Rasheed Talib March 26, 2003

Tags: History

The Mutazilite-Asharite debates

This is the third in my series of notes on Islam. It takes the subject further from where "Islam in Crisis (Parts 1 & 2)" left off (posted on Chowk on 27-12-2002).

In
the first two notes, I had attempted to lay out the basis for my belief that we Muslims urgently need to update our tradition so as to bring it in sync with the values of the modern world.

I had suggested that this could be done without in any sense abandoning the belief that the Quran is literally the word of God.
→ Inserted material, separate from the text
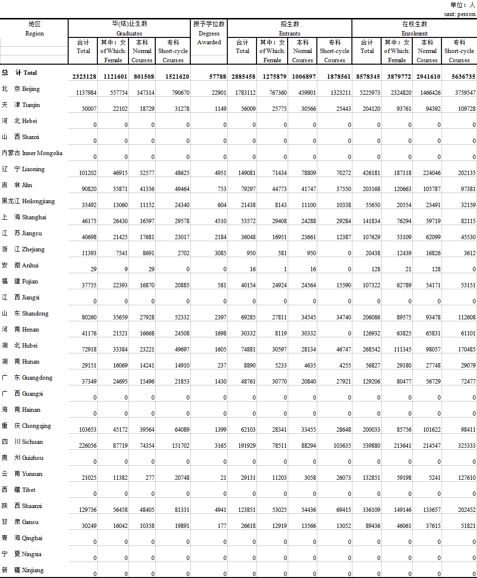 2019-2020学年初全国各地高等教育网络本科、专科生学生数
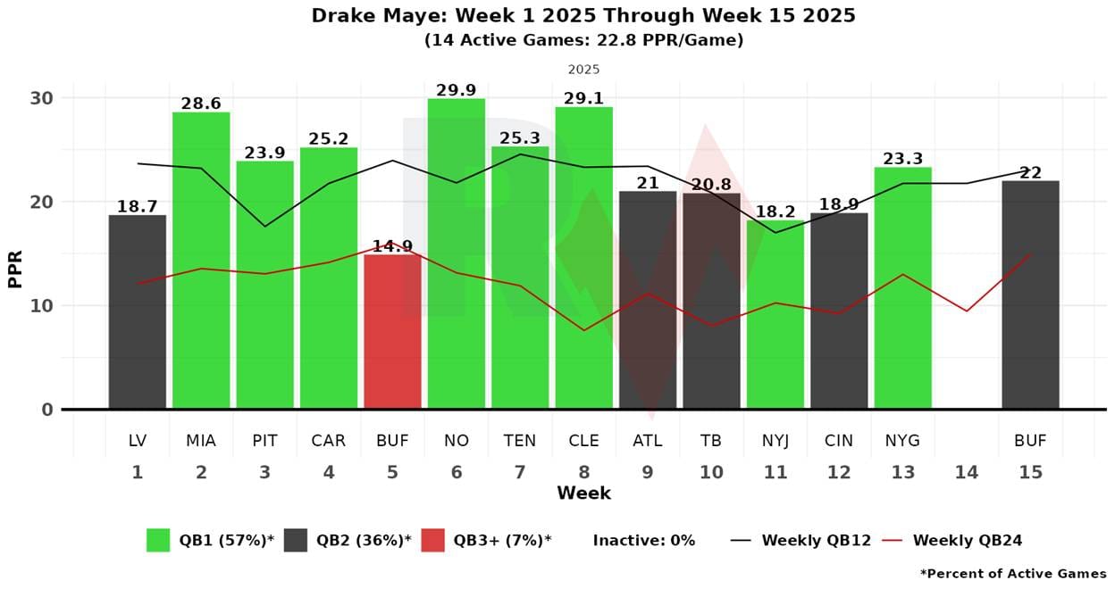 Maye has returned eight QB1 weeks in 14 games. He has never scored fewer than 14.9 points, an incredibly stable floor. Maye has had three occasions when he has scored near 30 fantasy points, indicating he is capable of a ceiling as well.

All we need to do was to revisit the theological debates that raged in Abbasid Baghdad of the 8th/9th centuries between two mainstream schools of Islamic theology - the Mutazilites and the Asharites. The latter group’s arguments on the whether the Quran was ’created’ or ’uncreated’ scripture (which, remember, at no stage provoked the charge of apostasy or heresy) was particularly relevant in this regard. In this the third note in my continung series, I have tried to develop the theme further and, through your columns, offer it for comment to my co-religionists the world over.

(A). Introduction

On the issue of the Quran’s status, the Mutazilites contended that it was ‘created’ (meaning by it ‘non-eternal’), rather than ‘uncreated’ (i.e. 'eternal') scripture. And as I pointed out in my last essay, the ulema of the time did not object to this discussion, much less hurl charges of blasphemy or heresy at exponents of this radical view.

The debate was won ultimately by the moderate Asharites whose doctrines became in due course the established theology of the Sunnis who constitute the vast majority of Muslims orldwide. But the Asharites’ success was not because of the merit of their case but because of the intervention of an extraneous political development that had nothing to do with a true understanding of the Quran.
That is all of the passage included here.